Korean meson et al first studied the heat transfer and friction coefficient distribution of ribbed channel surfaces. They found that the repeated diagonal ribs performed better than the repeated transverse ribs. In the parallel plate channel, the heat exchange enhancement effect is significantly enhanced under the same frictional resistance condition as compared with the channel with repeated 45-degree inclined ribs and repeated transverse ribs, because the inclined ribs can generate secondary flow developed along the ribs and generate a secondary flow with larger volume in the main flow area. The plane in which the secondary flow moves is perpendicular to the main flow direction with respect to the main flow. The secondary flow among the fins can increase the reattachment speed of the fluid on the basis of the separation and reattachment flow generated by the 90-degree fins, improve the transverse mass transfer of the area among the fins and improve the heat exchange of the wall surface. The secondary flow of the main flow area can bring the fluid with higher temperature in the near-wall area away from the wall surface, so that the mass transfer capacity of the whole cross section is improved, the heat transfer temperature difference of the convection heat transfer of the near-wall area is further improved, and the heat flow density is improved.
Under the rotation state, the Coriolis force and the rotation buoyancy force can change the flow and temperature distribution in the cooling channel and influence the surface heat transfer coefficient distribution. Wherein the direction of the coriolis force depends on the direction of rotation and the direction of the cooling fluid, so that the coriolis force is different in direction when the channel direction angles are different. For radially outward flow channels, coriolis forces move the primary flow toward the backwall face wall. If both the rear wall and the front wall are heated symmetrically, the rotation causes the turbulence of the rear wall (the surface referred to by coriolis force) to increase and the turbulence of the front wall (the surface away from the coriolis force) to decrease, thereby causing the heat exchange of the front wall to be weaker than that of the rear wall. Therefore, in order to improve the uniformity of heat transfer, it is necessary to reduce the difference in heat exchange between the front and rear wall surfaces.

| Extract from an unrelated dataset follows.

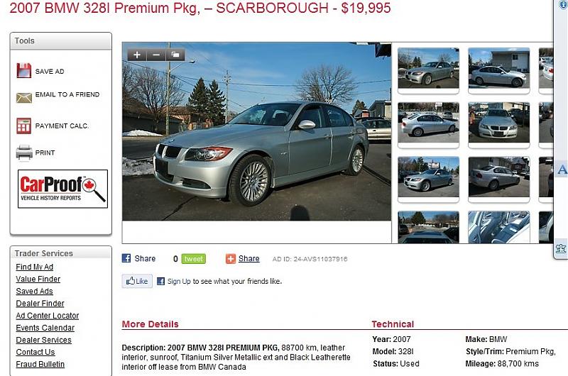 同样是2007年的 328,人家才跑了8w,从dealer那里才1.9w元。而且可以砍价。derek师兄,我觉得你的报价太高了。个人认为1.2w比较合适。

Heeyon Chung et al studied the effect of intersecting ribs in diagonal-rib rectangular channels of different aspect ratios on heat and mass transfer performance. In the channel with the inclined ribs, the heat transfer and mass transfer performance of the channel is reduced as the width-to-height ratio of the channel is increased because the eddy current induced by the inclined ribs is reduced as the width-to-height ratio of the channel is increased. To overcome this disadvantage, a cross rib is used which bisects the oblique rib. The 60 ° diagonal rib structure was tested for heat transfer performance with and without the intersecting ribs. It follows that when there are intersecting ribs, additional vortices are generated at each point of intersection with the oblique ribs. Therefore, when the crossed rib is added to the common inclined rib structure, the heat and mass transfer performance of all channel width-to-height ratios is remarkably improved.
Disclosure of Invention
The invention aims to provide an internally-cooled ribbed channel for the rear part of a turbine movable blade, so as to improve the heat exchange difference between the front wall surface and the rear wall surface caused by Coriolis force under a rotating condition, strengthen secondary flow in the ribbed channel by utilizing the action of the Coriolis force, enhance the heat exchange capability of the channel and improve the uniformity of heat transfer distribution.

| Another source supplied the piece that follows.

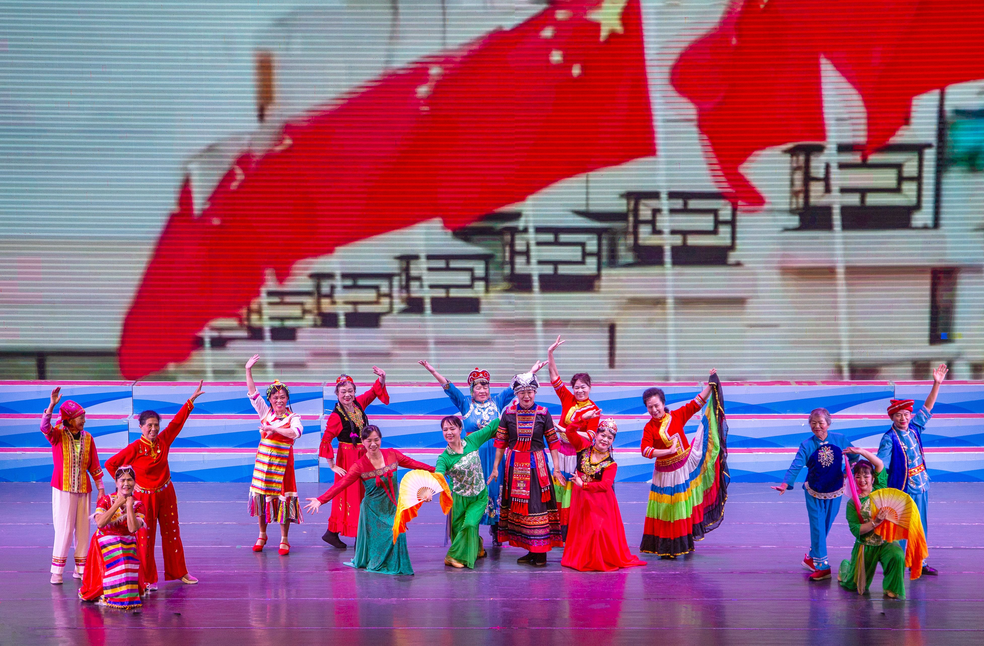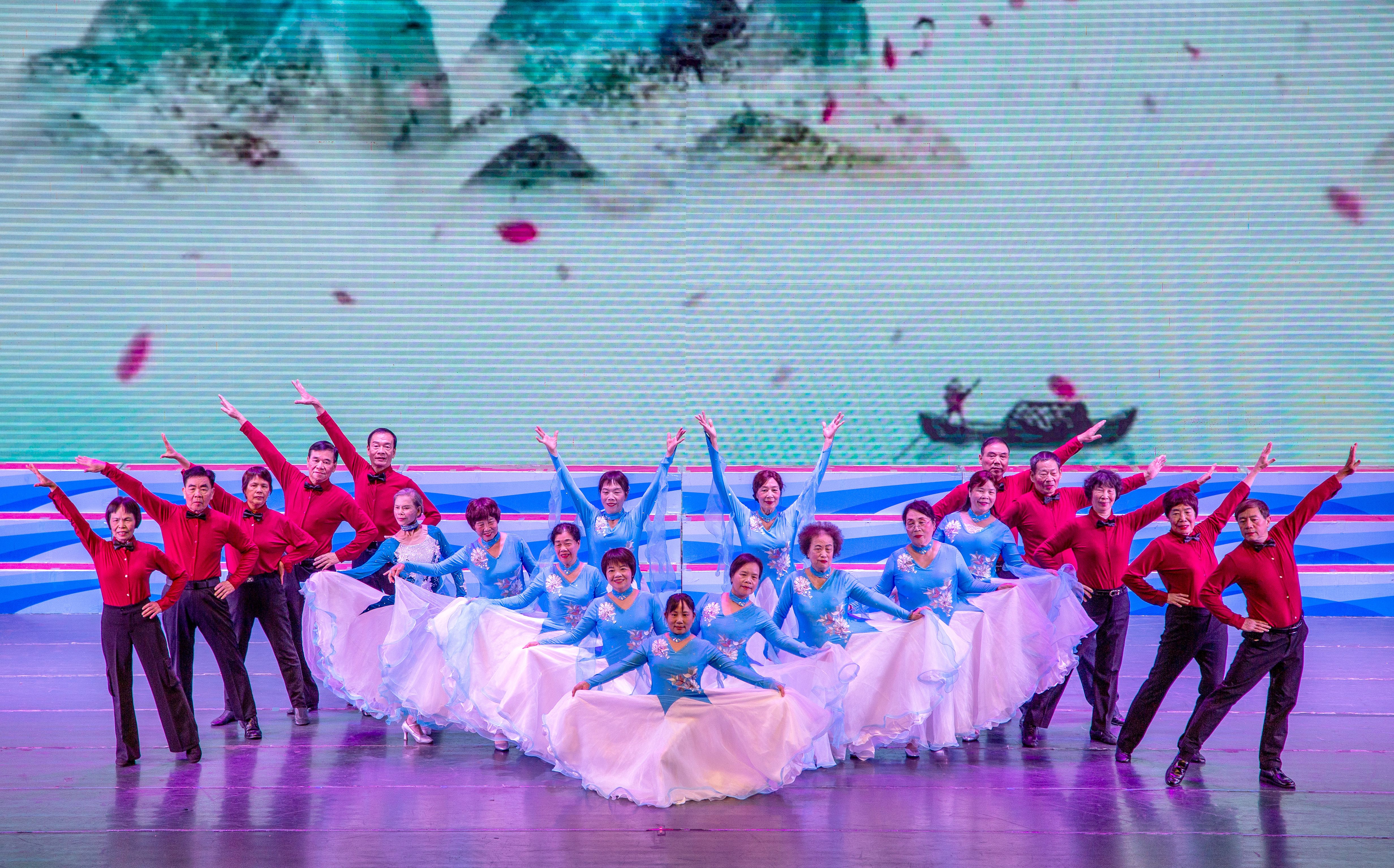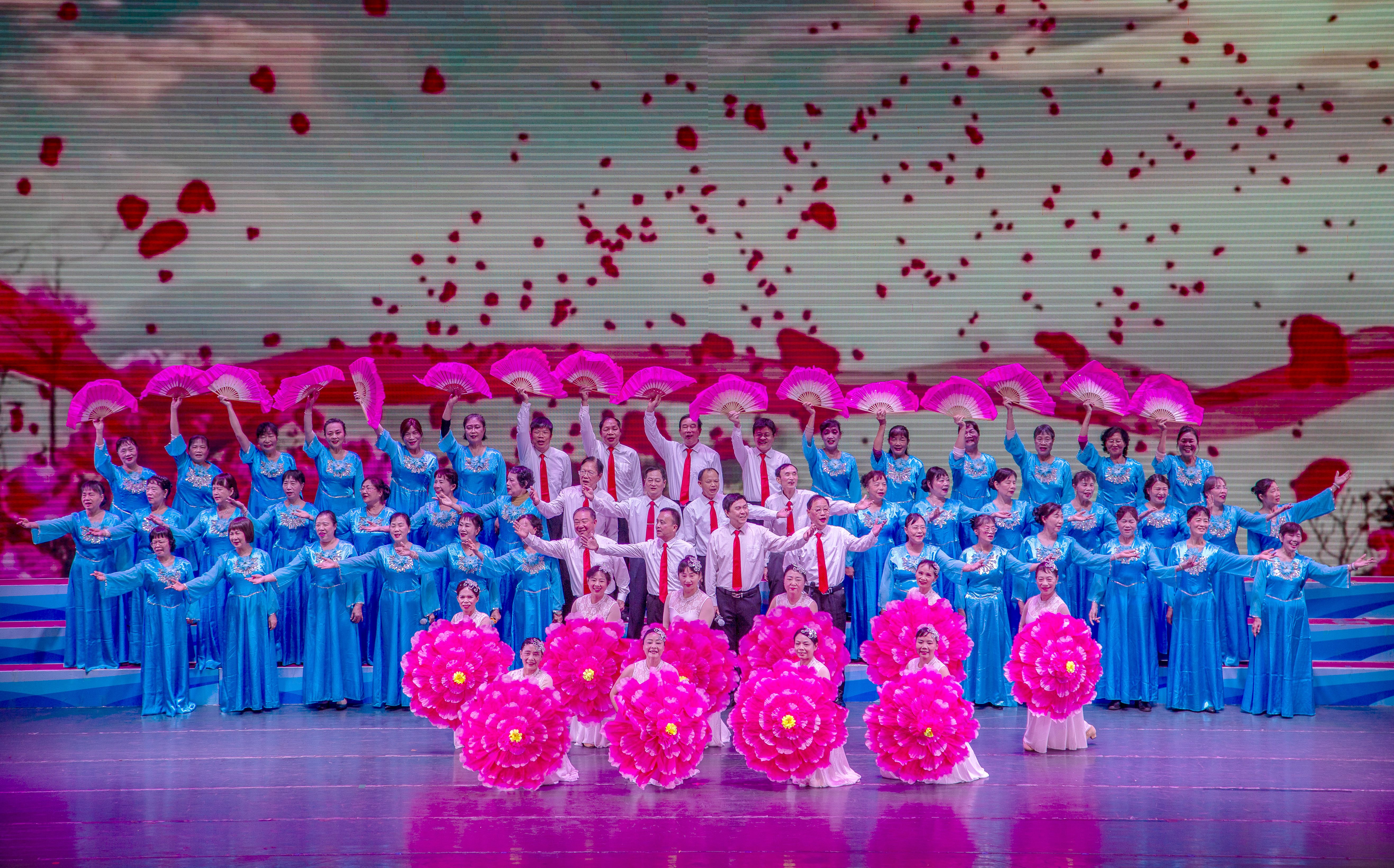 参加这次文艺演出的有20个活动队,文艺分会舞蹈秀《民族团结一家亲》等节目热情欢快,彰显风采;书画分会的情景剧《弘扬国粹》现场挥毫泼墨,抒发情怀;体育分会的肩颈操、太极剑表演充满活力,展现自信。老同志们心怀感恩之情,把银龄群体的绚丽风采以歌舞的形式绽放在年会的舞台上,用幸福的歌声和欢快的舞姿讴歌伟大中国共产党的坚强领导,赞颂伟大祖国的繁荣昌盛,赞美我们美好的幸福生活。

In order to achieve the purpose, the invention adopts the following technical scheme:
an internally-cooled ribbed channel for an aft portion of a turbine bucket, comprising:
a channel with a rectangular cross section, which is hollow inside and is used for fluid to flow through;
the front wall surface and the rear wall surface of the rectangular cross-section channel are symmetrically provided with a plurality of inclined turbulence ribs; the inclined turbulence ribs are arranged in an inclined mode relative to the flowing direction of the fluid;
the front wall center of the rectangular cross section channel is provided with a cross rib which is communicated with the front wall and avoids inclining turbulence ribs.
Further, the cross rib divides the front wall face of the rectangular cross-section channel into two parts.
Further, the rib direction of the inclined turbulence rib forms an obtuse angle with the direction of the Coriolis force applied to the main flow.
Further, the rib direction refers to a direction along the fins at an acute angle to the main flow direction.
Further, the coriolis force formula is that Fcor is 2m Ω × U, where Fcor is the coriolis force applied to the fluid, Ω is the channel rotation angular velocity, and U is the fluid movement velocity.
Furthermore, the width-to-height ratio W/H of the rectangular-section channel is 2-4.
Further, the inclined spoiler rib has an inclination angle β of 30 ° to 75 °.
Furthermore, the cross section of the inclined turbulence rib is square, and the rib height e1=0.06~0.12Dh,DhThe hydraulic diameter of the channel with the rectangular section is provided, and the rib spacing P is 8-12 e1。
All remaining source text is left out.